Prestige bias helps explain the little ticks and habits that shape our online behavior, but the most prestigious stories in modernity are stories of authenticity, a point that Charles Taylor has been making for decades.

Again, from Honor Jones' story of divorce:

"There were days when the magnitude of what I’d done bore down on me. I kept wondering if I’d feel regret, or remorse. It is hard to admit this—it makes me cold, as cold a woman as my ex-husband sometimes suspects I am—but I didn’t. I felt raw, and I liked it. There was nothing between me and the world. It was as if I’d been wearing sunglasses and then taken them off, and suddenly everything looked different. Not better or worse, just clearer, harsher. Cold wind on my face.

I had caused so much upheaval, so much suffering, and for what? He asked me that, at first, again and again: For what? So I could put my face in the wind. So I could see the sun’s glare. I didn’t say that out loud."

Honor Jones

In Jones' case, the reader is told that all of the familial upheaval that comes with divorce is secondary compared to putting one's face in the wind and looking at the sun's glare. If authenticity is the highest good, then chasing after it completely justifies reducing our friends, family, and colleagues, to props in our dramas.

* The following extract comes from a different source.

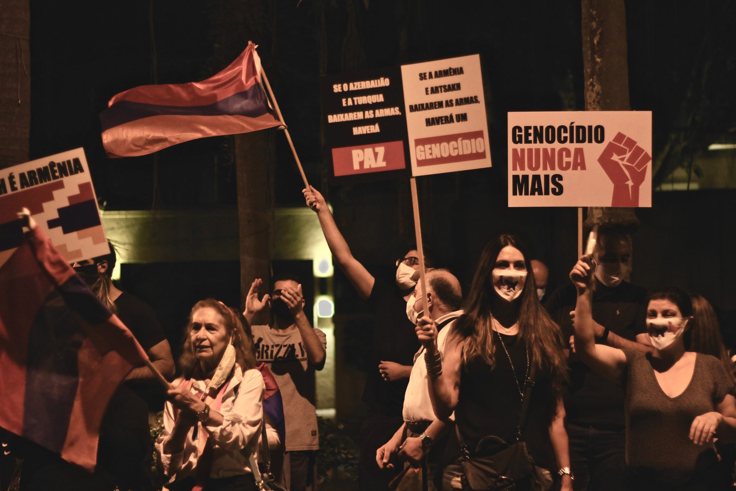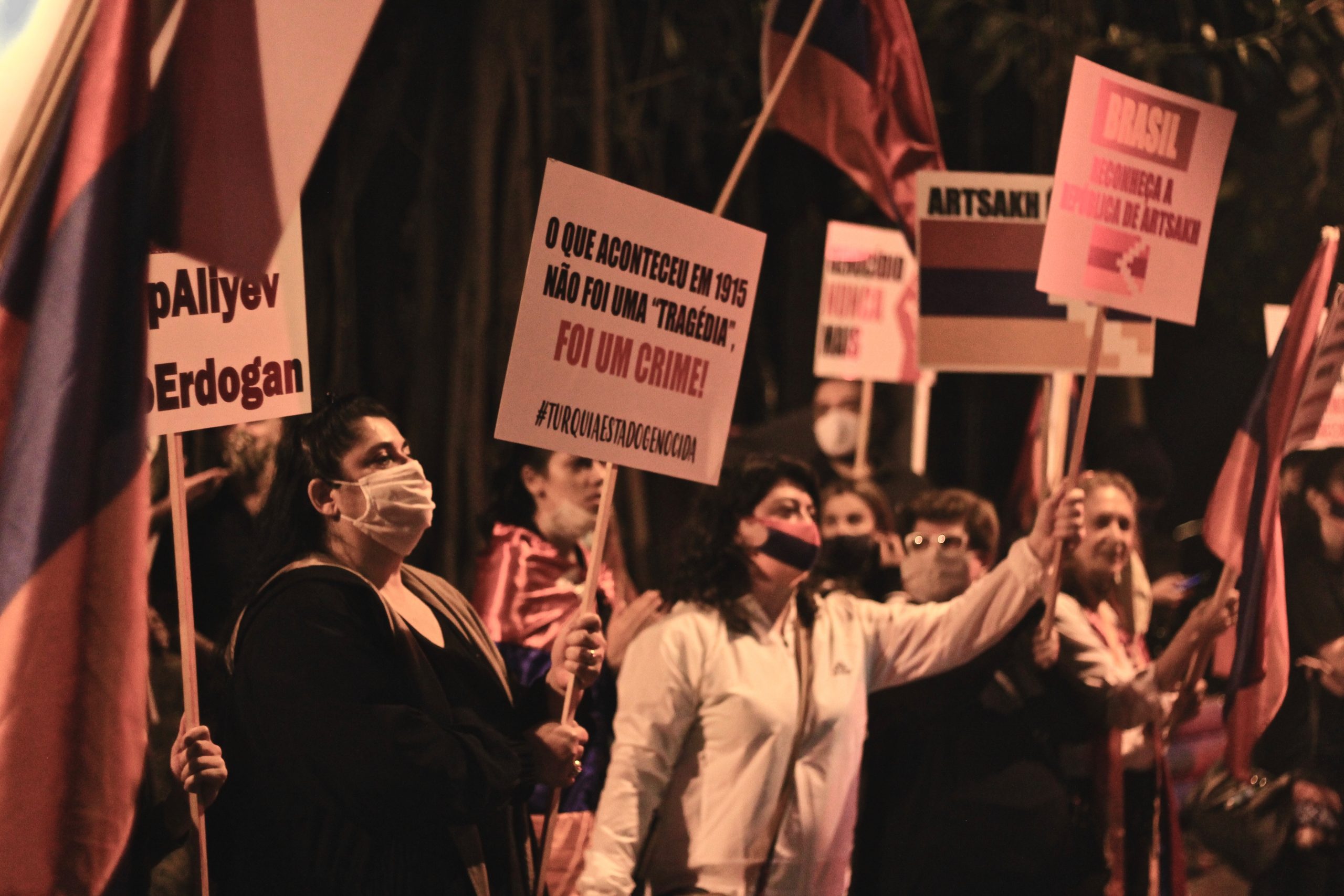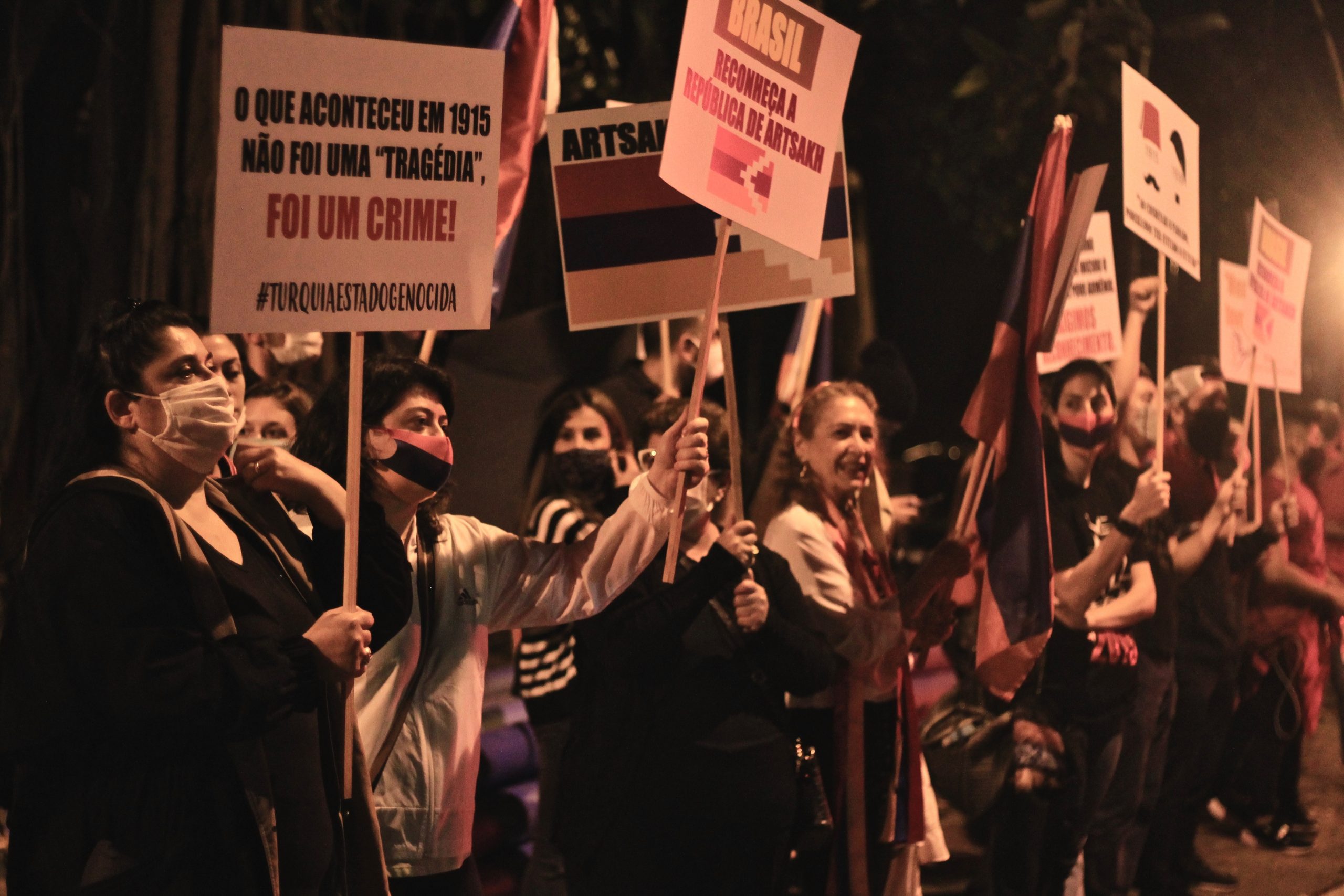 Nesta quinta-feira, dia 8 de outubro, a comunidade armênia de São Paulo se reuniu em frente ao consulado turco da cidade para protestar contra os ataques das últimas duas semanas à Artsakh cometidos pelo Azerbaijão, que tem sido extensivamente apoiado pela Turquia no conflito.

I have no idea if Jones' decision three years later feels just as romantic as it did in 2021, but it should be noted that such stories only empower senior editors at elite publications. When lower-class families break apart, poverty and childhood instability are much more likely to result.

Which should cause us to question the dissatisfaction that can fester due to prestige bias.

Are we sure that in our fragmented and isolated lives, we are acting in ways we won't regret, or are we being formed and influenced in the same cringe-worthy ways we were as teenagers?